There is a great example of this type of prodigal thought in the book of Jonah.  You probably know the story of Jonah and how he was swallowed up by a great fish.  This happened because Jonah refused to obey God’s command to go to the city of Nineveh to warn the people there of their sinful lifestyle.  Jonah judged that God would not likely punish the people for their behaviors, but rather He would give them grace and mercy.  Jonah thought that the people should be made to suffer consequences for their sinful ways.  He was unmerciful, unforgiving, bitter, and judging.  So instead of going to Nineveh, he went in the opposite direction.  Jonah was trying to tell God what to do.  The facts are that the people of Nineveh came to their senses.  They stepped out of their sinful lifestyle and returned to be a Certain people in the heart of God.  And God relented and refrained from bringing the disaster He had said He would bring upon the people.  Why did He do this?  Because the people were dead, but through their change of heart they became alive again; they were lost, but then they were found.  God was loving, and He showed mercy and grace toward the people.

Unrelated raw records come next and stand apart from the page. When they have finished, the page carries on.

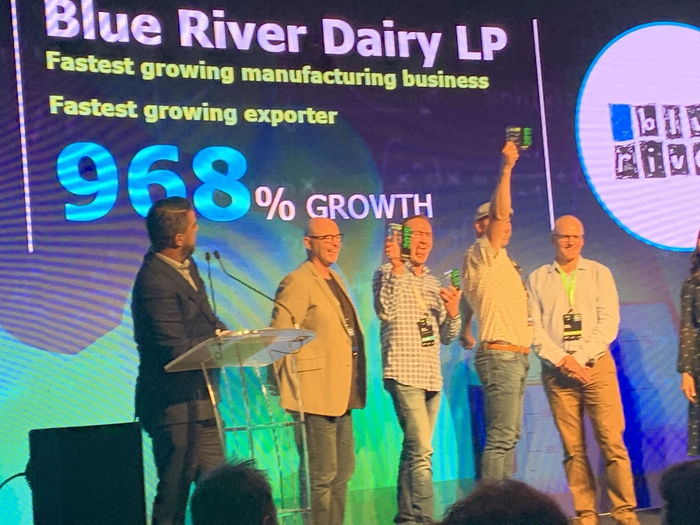 2019年11月,蓝河乳业以968%的整体增速,获得世界知名会计事务所德勤发布的“新西兰增速最快出口企业”、“新西兰增速最快制造企业”和“新西兰增速最快综合类企业第五名”奖项。
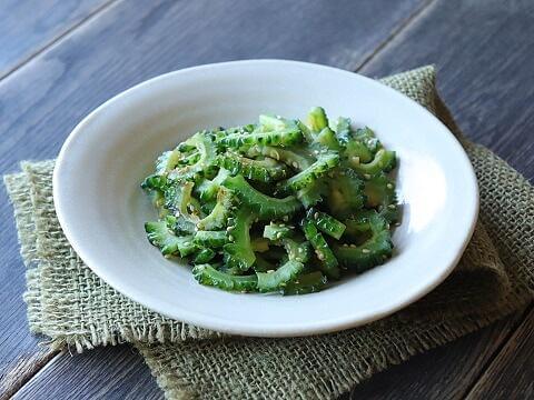 「ヤマサ ぱぱっとちゃんと これ!うま!!つゆ」とごま油で炒めて、ゴーヤの苦みを活かしたごはんがすすむ常備菜。
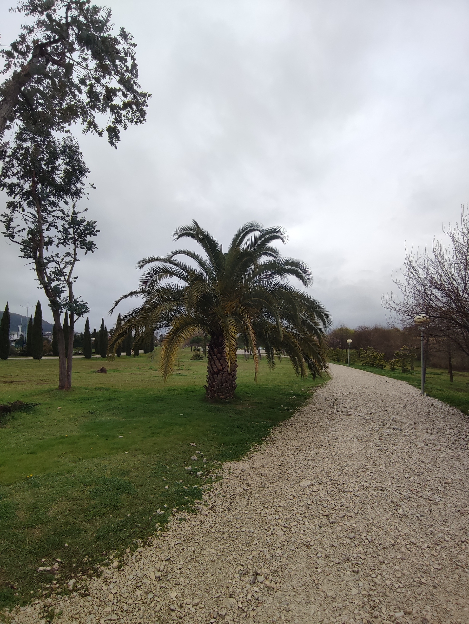 gravel pathway curving through a park setting in Sirius, Russia, under a cloudy sky. A palm tree stands on the left side of the path, rooted in a grassy lawn. To the left of the palm tree are various trees, including cypress trees and a taller bare tree. A bare tree stands to the right of the pathway, as well as a street light. The path is made of small, light-colored gravel. A background of evergreen trees and other vegetation extends into the distance. A row of cypresses lead to the mountains in the distance.

Please don’t misunderstand what I am saying.  We must learn to be careful that we don’t live by the default that everyone will have to pay something for the wrongs they do, especially when those people wrong us. Instead, try to live obediently before the Lord in all that you are and be very careful to keep yourself from being the instrument that brings judgement to anyone because you could easily get that judgment wrong.  I think it is a good idea to leave judging to the Lord.  It is easier for me to work on listening to Him and to focus on living before others in a way that shows how the Word of God has worked to transform me.  Perhaps it would be better for us all that we didn’t propose to do God’s work, and that instead we try to show others that His work has been performed in our lives.

Let’s not be like Jonah.  God knows how to be God better than we can tell Him to be.  Let’s not be like that older son who became angry because his brother was given love and grace and mercy.  The scripture says that the father told his oldest son that he was always with his father and that all that he had was his son’s.  Do you know what that means?  Even though the younger son had squandered away his father’s wealth, the dad was still saying to the older son, I still have enough for your needs and that is always yours because you are always with me.  Listen, God has enough love to love you as if you are the only person to be loved; He has enough mercy to show toward you that you will never need more mercy from Him; He has enough grace that your cup of grace will always overflow; and He has enough forgiveness to take you from hell to heaven.  All of this is yours when you stop telling Him how to be your God and you start learning how to be a better child of His. Live a Delivered Life.  Love you.